# exo terra vs herp nursery II



## trapieter (Jan 29, 2007)

ok I know I there is probably a thread for this already lol but I can't find it so apologies if you have answered a similar post :blush:

I have decided to upgrade from the hovabator incubator as the temps in this house fluctuate so badly in summer I'm forever having to adjust the temps and lose eggs .. I'm convinced the only reason the last batch came out was because it was winter (still not sure what that was about lol) and the temps were more stable.

so I was looking at the r-com juragon rx but the only review I have found was pants so now I'm looking at the lucky reptile herp nursery II or the exo terra incubator. 
both of these look similar except the extra shelf... which I'm wondering if I need?? I'm only breeding leos and chucks so not huge batches but ofcourse I'm most concerned with reliability. I will always have my own digi therm in there so don't mind the outside temp being a little out.. I just want the best for holding the temp you set.
any people had experience with the exo terra or should I just go with my gut and get the well tested herp nursery II which is also cheaper :hmm:
:help:lol and thanks in advance :2thumb:


----------



## trapieter (Jan 29, 2007)

Bump
Anyone??


----------



## neep_neep (Oct 18, 2007)

Due to personal experience I wouldn't recommend the Herp Nursery II. I have had two in the past 3 years (each one was only used for one season each) and both have failed.
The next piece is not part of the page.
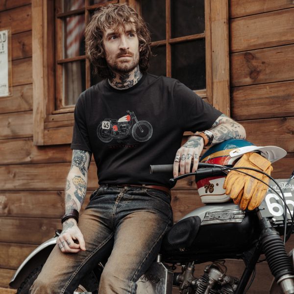 If you follow the brand for a while, you know our love for vintage motorcycles. With the Legendary series, we drawn bikes that we really like because of many different reasons. Could be because of the riders that were riding it, the changes that these bikes have bring to the market or, and probably mostly, because of their beautiful aesthetic. It's our own ranking of course but we are sure you love them too! This T-shirt highlights a motorcycle with a rigid frame based on a Triumph motorcycle with a vintage tracker look. - 100% cotton - Design is screenprinted on the chest - Sold in a popcorn packaging

The first I was using to hibernate lizards - the cooling element failed without warning (or indeed any alarm). Just as well I was checking on them regularly! :gasp:

This was replaced without fuss (full credit to Cornish Crispa :2thumb - I then used it to incubate eggs and it was generally fine (although there was a temperature spike midway through and I haven't a clue what caused it?). It has since been sat in storage for a couple of years - I tried to turn it on a couple of weeks ago, it switched on briefly then conked out almost immediately. All I can hear is a ticking sound where the fan is... so I have gone back to the trusty polystyrene box with heat mat and stat!


----------



## PAB (Aug 4, 2010)

Arnt they both the same ecept price and name. Also the reviews dont give you too much confidence. The Herp11 even has a dicliamer in that its entry level. The Jurgon R-Com looks the buisness and some great write ups but the price:devil:


----------



## trapieter (Jan 29, 2007)

Yea I read that " entry level" statement yesterday.. So far I'm not inspired to buy any!! If I had good reviews on the jargon I'd probably get it ... But yes it is more expensive which would make it worse if it was pants! Think I need more input before I decide.


----------